9 Replies to ““Open the bypass!” Are we talking about water flow or vehicle traffic?”

  1. Virtually every problem in this country has been deliberately engineered so that some small minority can benefit. Those that haven’t been engineered are down to simple incompetence.

    I see exactly the same thing happening all the way down the chain: Filipinos screwing each other over such that person A loses bigstyle simply so that person B can get some trivial advantage. It’s no surprise that it happens at the uppermost levels.

  2. It is always the case in our country…the minority; that is : the Feudal Oligarchs; the big corporations; the powerful family political axis; and the TraPos; control the lives of the majority, that is the common people, like you and me.
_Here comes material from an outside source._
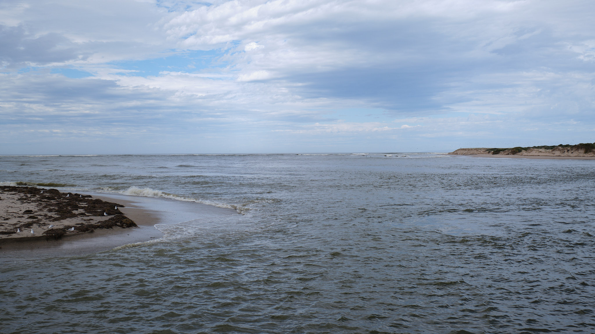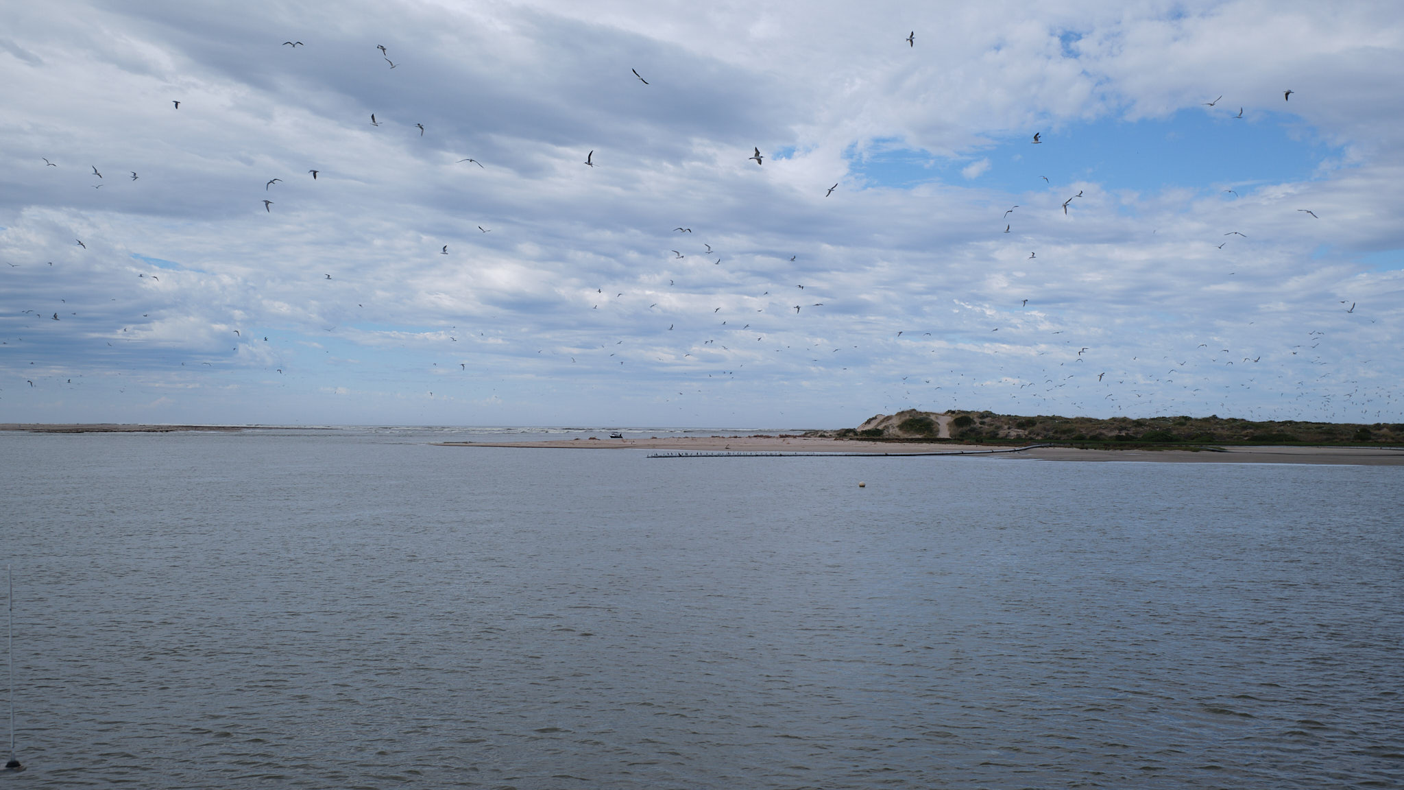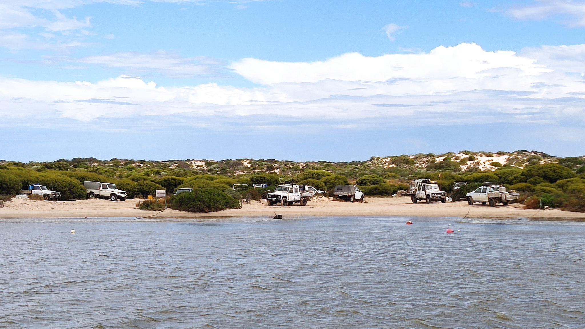 In Zeiten ohne Fluten baggern hier zwei Saugbagger dauernd Sand ab und befördern diesen über ein Rohrsystem an den Ozean-Strand, denn das Ökosystem des Murray braucht unbedingt einen offenen Zugang zum Meer. Heute fliesst das Wasser hier rund 12-16m tief ungehindert und mächtig.

    During elections, like this coming election; you just look at who those candidates who are; promising us , “pie in the sky” : that our lives will be better, after they are elected. After election, promises made are not fulfilled. We all go back to our wretched lives. This has been our condition, ever since. It will be our condition always, if we don’t take the matter, into our own hands, to solve the problems , by ourselves.

    So, wake up, indolent Filipinos !

  3. Typical Filipinos, can’t find solutions to age old problems that has been plaguing them for years now. Pure laziness right there.

    1. @SNODAX: it’s worse than laziness. Achieving the rock-bottom state of the Philippines requires active malevolence.

  4. Remember the artificial rice shortage sometime ago? What happened there? It is surefire same thing will happen here, nothing, it will pass, no conviction, no criminal, no crime. I just love a society without crime.

  5. The eye of true equality often seems to have some degree of disrespect for the supposedly accomplished, privileged high and lofty to the supposedly accomplished, privileged high and lofty, although in reality, it’s simply irrespectiveness.

  6. There’s “Long-term planning” that gets washed away from” short-term memory”. Most Philippine cities do not have concrete urban planning.